El pasado jueves 19 de abril tuvimos la suerte de asistir a la formación Cocinando Procesos impartida por PFS Grupo y organizada por APD. Se trataba de un seminario de 6 horas de duración donde pudimos aprender de forma práctica la importancia de tener unos procedimientos bien definidos para trabajar de una forma fluida y eficiente para completar una misión común.

Comenzábamos la jornada a las nueve de la mañana en el mejor de los escenarios: la Plaza de Abastos de Santiago de Compostela. Éramos un grupo de 7 personas con perfiles de gestión. Procedíamos de distintas empresas y sectores, pero llegamos con un objetivo común: aplicar todo lo que aprendiésemos durante el día en nuestro trabajo.

Tras las presentaciones iniciales, nos pusimos directamente manos a la obra. Nos dividieron en tres grupos, nos dieron a cada grupo una parte de una receta (un tiramisú) con las instrucciones a seguir y simplemente nos dijeron que empezásemos a cocinar. Al principio estábamos un poco desconcertados pero, poco a poco, nos hicimos con la cocina y, con la inestimable ayuda de una pareja de cocineros que nos supervisaba, logramos hacer el tiramisú.

Tras el trabajo realizado, era hora de recibir la recompensa, que no podía ser otra que disfrutar de nuestras propias elaboraciones. Con el desayuno llegaron las primeras impresiones, ¿qué habíamos hecho mal? ¿Qué puntos podíamos haber mejorado? Y todos coincidíamos en lo mismo:

-          Cada grupo se centró en las instrucciones que había recibido.

-          No hubo comunicación entre los equipos.

-          Tampoco había un líder que se responsabilizase de que todas las partes del proceso (la receta) saliesen adelante.

-          No sabíamos cuál era el objetivo final, nuestra misión en esa cocina.

Todos estos puntos nos ocurrieron al principio de la práctica. Por suerte, conseguimos reaccionar a tiempo y nos “autocorregimos”, de forma que logramos hacer un desayuno delicioso.

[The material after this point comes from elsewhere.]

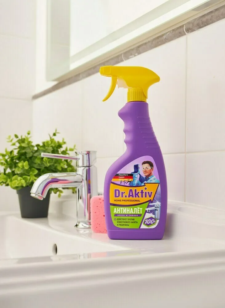 Design: Polina und Alexei KoptevAnti-Scaling Dr.Aktiv enthält Zitronensäure, die sanft und schnell Kalkablagerungen und Seifenreste entfernt und Kacheln sowie Glas wieder zum ursprünglichen Glanz bringt. Das Produkt eignet sich hervorragend für tägliche Reinigung und verleiht Oberflächen einen sauberen, frischen Look.

Después llegó la parte teórica de la formación. Repasamos los puntos a seguir para definir un proceso, cada uno de ellos ilustrado con un ejemplo en el ámbito de la cocina:

1.       Comunicación oficial

2.       Selección de equipo

3.       Adquisición de conocimientos

4.       Enfoque estratégico

5.       Definición de organigrama

6.       Generación de fichas de perfil

7.       Diseño de mapa de procesos

8.       Generación de fichas de procesos

Tras la parte teórica, volvimos a las cocinas para aplicar lo aprendido. Esta vez teníamos que hacer la comida liderados por la jefa de cocina, quien nos repartió las distintas tareas y nos dio las pautas necesarias para sacar adelante los platos.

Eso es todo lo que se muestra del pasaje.